**ASSIGNED TASK**
Copy only what lies from the line containing "Разблокируйте аккумулятор и" through the line containing "Short Okaïdi 12" in the entries below, keeping both end lines exact and dropping every picture.

**LISTED RECORDS**
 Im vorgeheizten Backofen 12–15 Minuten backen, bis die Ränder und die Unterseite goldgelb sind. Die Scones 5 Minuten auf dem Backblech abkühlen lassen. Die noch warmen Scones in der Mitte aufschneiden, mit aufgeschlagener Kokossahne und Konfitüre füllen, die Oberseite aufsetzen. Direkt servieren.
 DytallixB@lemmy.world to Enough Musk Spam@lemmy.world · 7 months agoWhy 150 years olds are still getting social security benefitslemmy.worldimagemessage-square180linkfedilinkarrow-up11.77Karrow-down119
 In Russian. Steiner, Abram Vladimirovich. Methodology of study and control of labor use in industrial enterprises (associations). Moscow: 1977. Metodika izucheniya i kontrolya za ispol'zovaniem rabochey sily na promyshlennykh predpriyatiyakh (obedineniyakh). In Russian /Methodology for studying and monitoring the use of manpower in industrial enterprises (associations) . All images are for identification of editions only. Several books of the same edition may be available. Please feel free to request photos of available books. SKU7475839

---

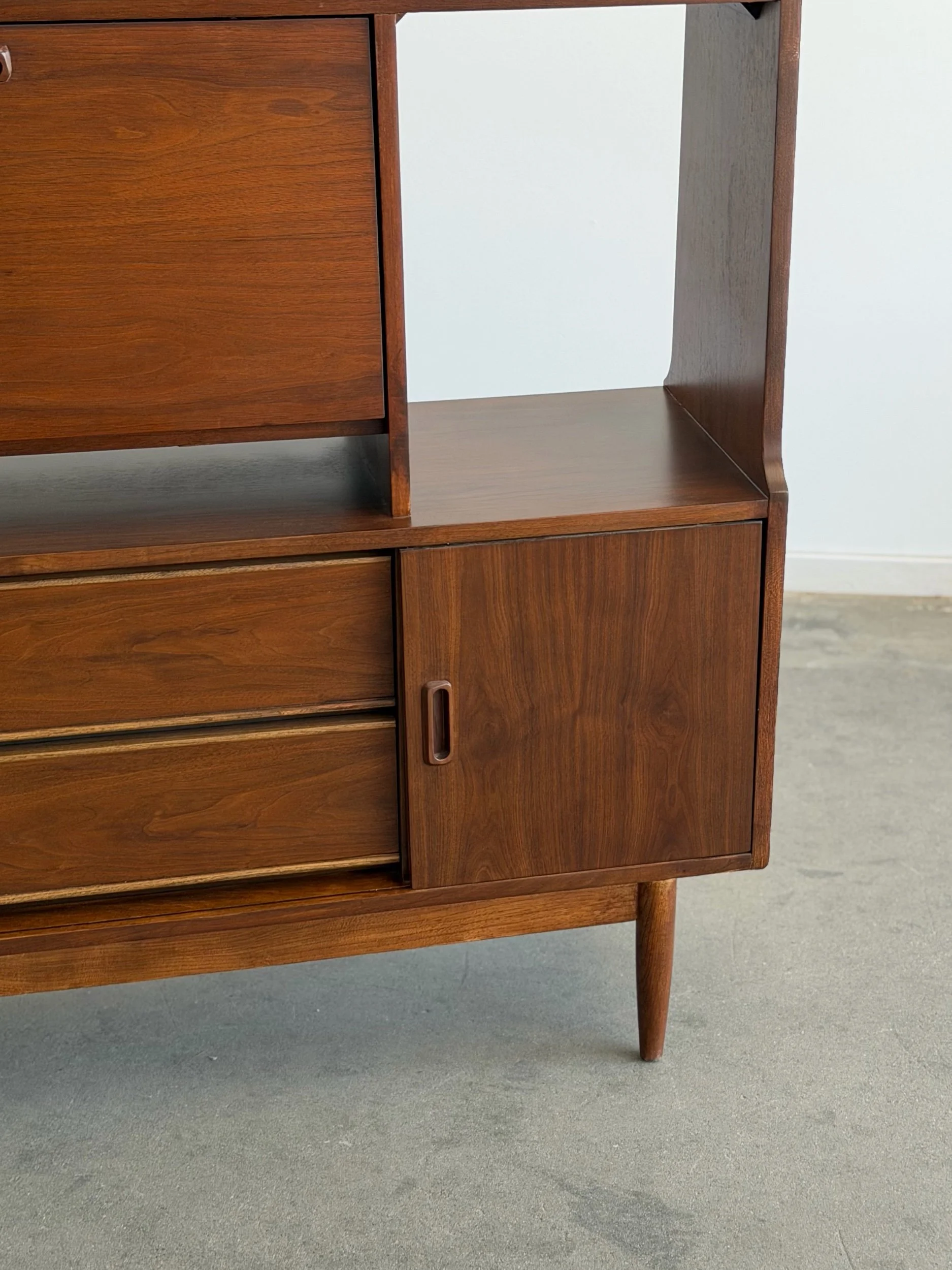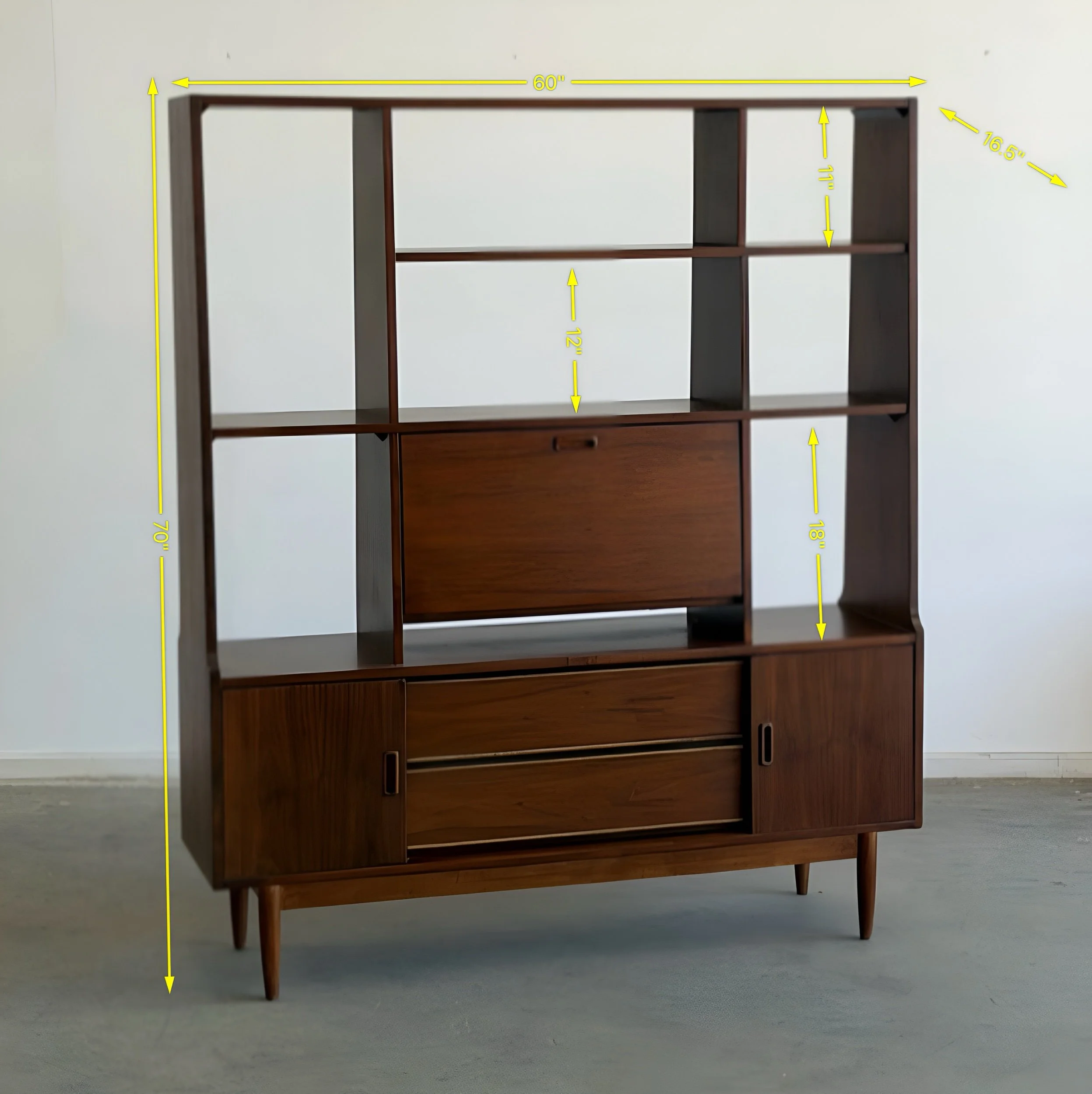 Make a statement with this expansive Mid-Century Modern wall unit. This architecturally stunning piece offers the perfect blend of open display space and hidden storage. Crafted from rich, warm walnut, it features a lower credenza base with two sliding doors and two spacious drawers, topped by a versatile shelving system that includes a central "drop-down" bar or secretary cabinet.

* * *

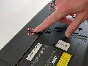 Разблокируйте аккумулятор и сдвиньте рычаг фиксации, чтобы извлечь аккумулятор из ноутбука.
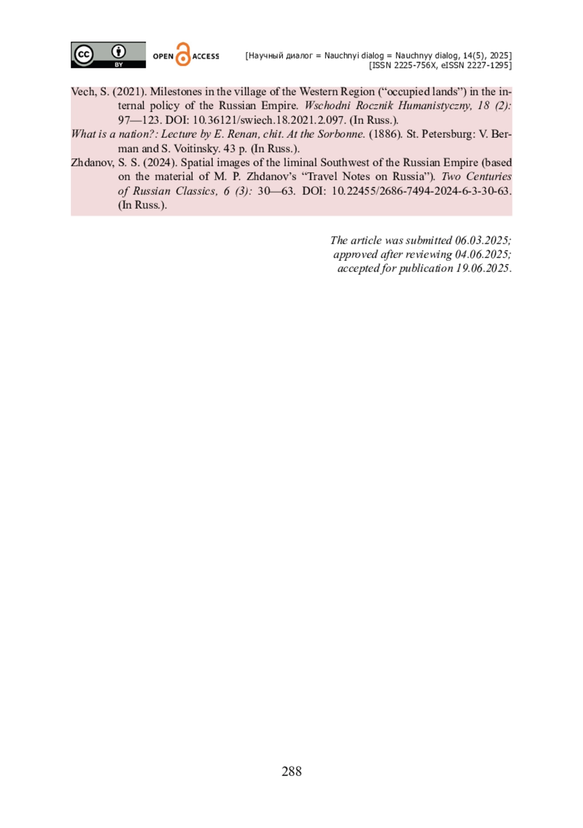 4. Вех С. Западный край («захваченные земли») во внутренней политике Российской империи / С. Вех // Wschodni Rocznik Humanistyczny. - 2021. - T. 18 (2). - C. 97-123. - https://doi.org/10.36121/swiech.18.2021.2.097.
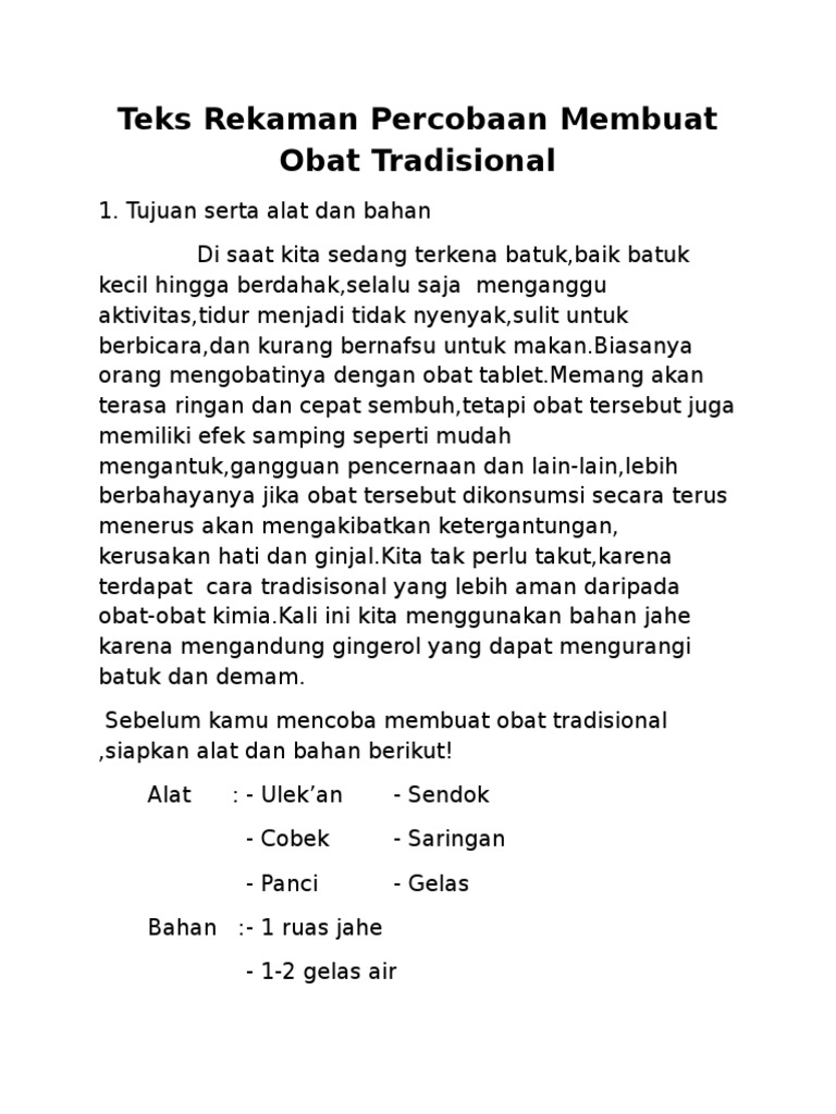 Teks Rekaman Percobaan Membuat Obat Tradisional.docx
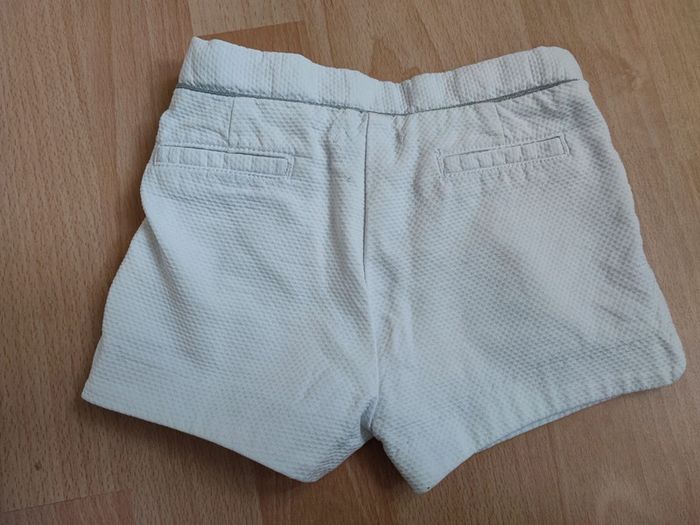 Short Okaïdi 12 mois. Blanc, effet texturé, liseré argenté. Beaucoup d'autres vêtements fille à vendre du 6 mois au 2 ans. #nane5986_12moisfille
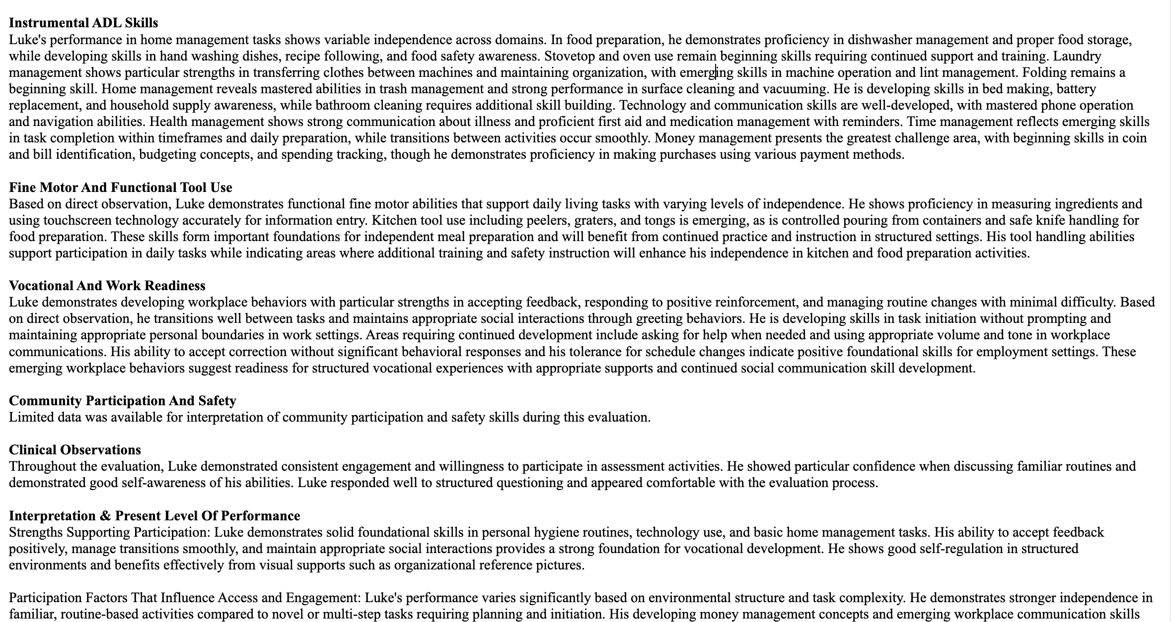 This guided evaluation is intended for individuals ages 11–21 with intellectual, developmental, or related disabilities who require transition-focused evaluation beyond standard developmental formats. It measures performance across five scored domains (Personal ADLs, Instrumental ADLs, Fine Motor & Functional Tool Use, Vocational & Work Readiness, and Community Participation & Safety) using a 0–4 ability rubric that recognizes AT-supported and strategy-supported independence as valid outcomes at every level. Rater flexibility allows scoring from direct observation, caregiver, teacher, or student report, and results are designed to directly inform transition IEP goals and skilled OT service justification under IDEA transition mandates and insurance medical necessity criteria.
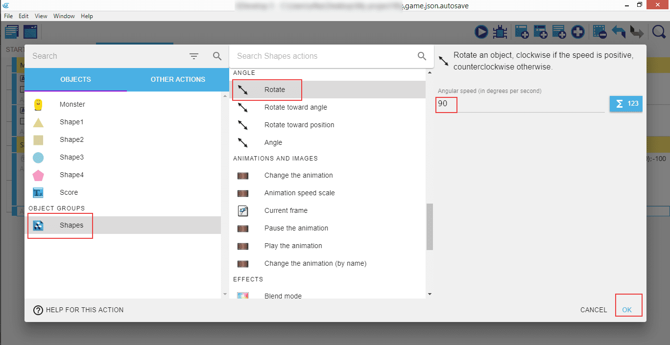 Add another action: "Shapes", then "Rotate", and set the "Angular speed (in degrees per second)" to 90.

**OUTPUT FOR THIS TASK**
 Разблокируйте аккумулятор и сдвиньте рычаг фиксации, чтобы извлечь аккумулятор из ноутбука.
 4. Вех С. Западный край («захваченные земли») во внутренней политике Российской империи / С. Вех // Wschodni Rocznik Humanistyczny. - 2021. - T. 18 (2). - C. 97-123. - https://doi.org/10.36121/swiech.18.2021.2.097.
 Teks Rekaman Percobaan Membuat Obat Tradisional.docx
 Short Okaïdi 12 mois. Blanc, effet texturé, liseré argenté. Beaucoup d'autres vêtements fille à vendre du 6 mois au 2 ans. #nane5986_12moisfille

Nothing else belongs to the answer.